從沒有人這樣使過罡氣系統。
“將金屬氣溶膠高速旋轉,化作一個圓盤狀的團塊”本身倒沒什麼,“將之拋出去”在物理上就不大可能。這是一團氣溶膠,是流體,不是剛體!
而且,就算退一步說,磁化的金屬顆粒真的支持這樣做,這一團金屬氣溶膠,也就是相當於“一個氣旋”而已。
對於體重基本都是數噸的基準人來說,一點傷害都沒有。
兩名護法的反應因爲這反常的一招而慢了半拍。
第一個人直到最後一瞬才從動靜之中察覺出不對,但爲時已晚。他只能勉強一偏腦袋。
但金屬氣溶膠團塊阻礙了視覺,也遮蔽了電磁波的雷達。
而且,這個金屬氣溶膠的軌跡,呈現出了反直覺的特徵。
他沒有完全避開裡面的子午鴛鴦鉞。
高速旋轉的子午鴛鴦鉞劈在他的義眼上。這名護髮“左側的世界”立刻被裂紋吞噬。高速運動的金屬氣溶膠也刮花了另一側的義眼。
然後,子午鴛鴦鉞在他的腦袋側面一彈,卷向另一個護法,砍在另一人的右眼上。
嘲風好險,形殿角上。在神話之中,嘲風是一種愛好冒險的龍子,因此中原大地的古人將之裝飾在宮殿的殿角之上。
而玄武真罡·龍式中的“嘲風”也是一種冒險的招數。這一招會使得武者上半身維持一個“拋投”的姿勢,並讓鴛鴦鉞帶走相當一部分的金屬氣溶膠。這會讓武者自身空門大開。
志護法開發出龍式·嘲風,本意是快速轉移金屬氣溶膠團塊的位置,以把控戰場。同時,這一招還可以用金屬氣溶膠團塊來掩蓋鴛鴦鉞的具體位置,讓它更加難以躲閃。
但是,志護法這一門的鴛鴦鉞,實在是太輕了。
這也是沒辦法的事。爲了保證拋出去的鴛鴦鉞,在俘獲聲子刀的刀片之後,隨着聲子刀的刀勢移動,以確保自身不會被聲子刀切開,這鴛鴦鉞做得很輕。
而在這個人均重甲單位的年代,這樣輕的刀刃是打不出傷害的。別說“刮痧”了,這種傷害壓根就是給鎧甲拋光。
如果不是正好擊中義眼之類光學部件的話,這玩意基本就沒有傷害。
但是,在攻擊的過程當中,向山卻福至心靈的想出了另一種用法。
玄武真罡所用的磁場發生器,可以控制金屬氣溶膠團塊高速旋轉。而這子午鴛鴦鉞也足夠輕。再加上這子午鴛鴦鉞上的電線接口本就支持高速旋轉。

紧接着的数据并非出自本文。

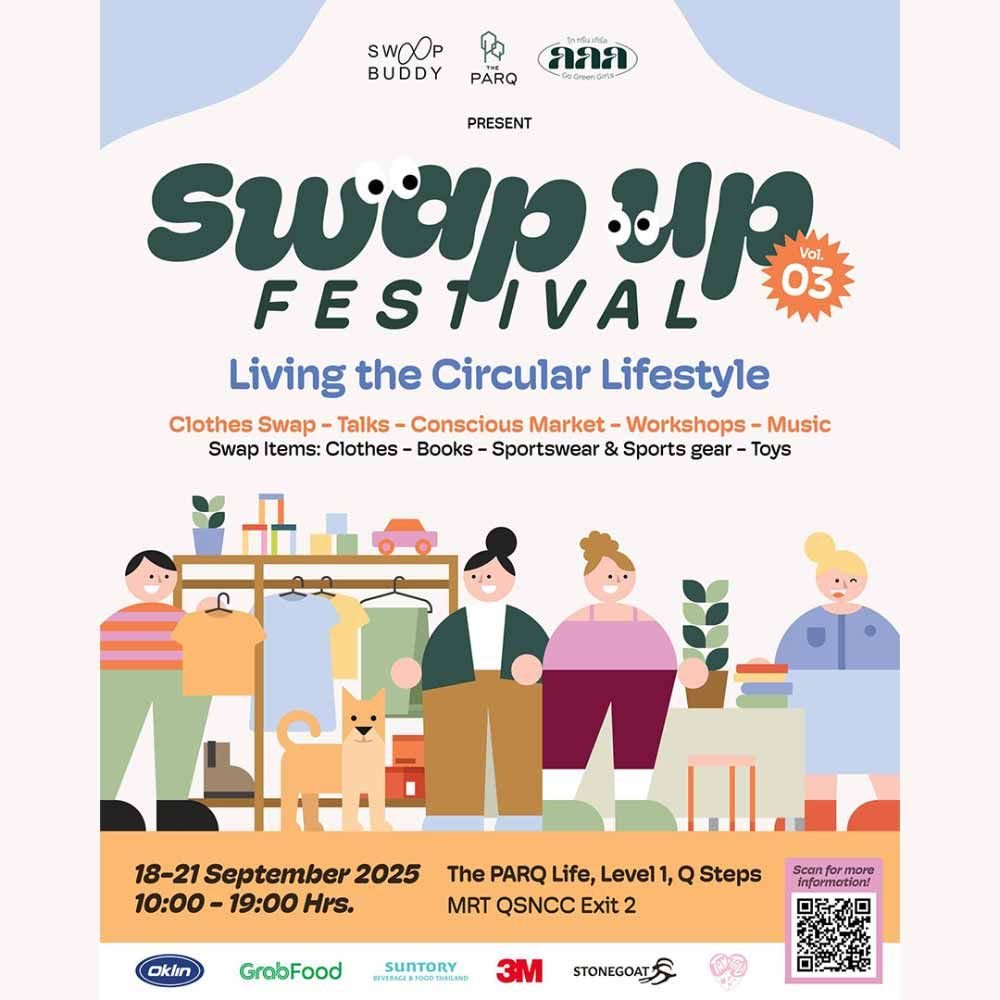 กลับมาอีกครั้งกับงาน 𝗦𝗪𝗔𝗣 𝗨𝗣 𝗙𝗲𝘀𝘁𝗶𝘃𝗮𝗹 𝗩𝗼𝗹.3 ในคอนเซปต์ “Living the Circular Lifestyle” อยากเชิญชวนทุกคนมาสนุกไปกับกิจกรรมที่ผสมผสานความเพลิดเพลินและความยั่งยืนไว้ในที่เดียว ไม่ว่าจะเป็นโซนแลกเปลี่ยนเสื้อผ้าและของใช้, pop-up สินค้ามือสอง, โซนซ่อมเสื้อผ้า, community learning, เวิร์กชอปสร้างสรรค์, art installation, ดนตรีสด และดีเจ

所以,他就嘗試,利用磁懸浮的手法,將子午鴛鴦鉞旋轉起來,強化一點殺傷力。
鴛鴦鉞自帶的磁場可以隨時調節。再加上連接在子午鴛鴦鉞上的線,向山可以自由操控鴛鴦鉞的飛行軌跡。
與此同時,他一隻手壓住一名敵人,通過控制對方的重心來反覆打斷對方的起身發力。在這一瞬間內,這個敵人就成爲了他的護盾,龍式·嘲風帶來的“空門大開”相當於沒有發生!
由於那名護法與向山靠在一起,子彈飛過去的路上,向山隨時有可能撤走勁力那那護法擋槍,所以槍炮手反而不敢開槍了。
他身後的濤使臣看見伴隨着子午鴛鴦鉞而飛騰的金屬氣溶膠,驚呼:“這是玄武真罡的教內改良版?龍式?怎麼可能?”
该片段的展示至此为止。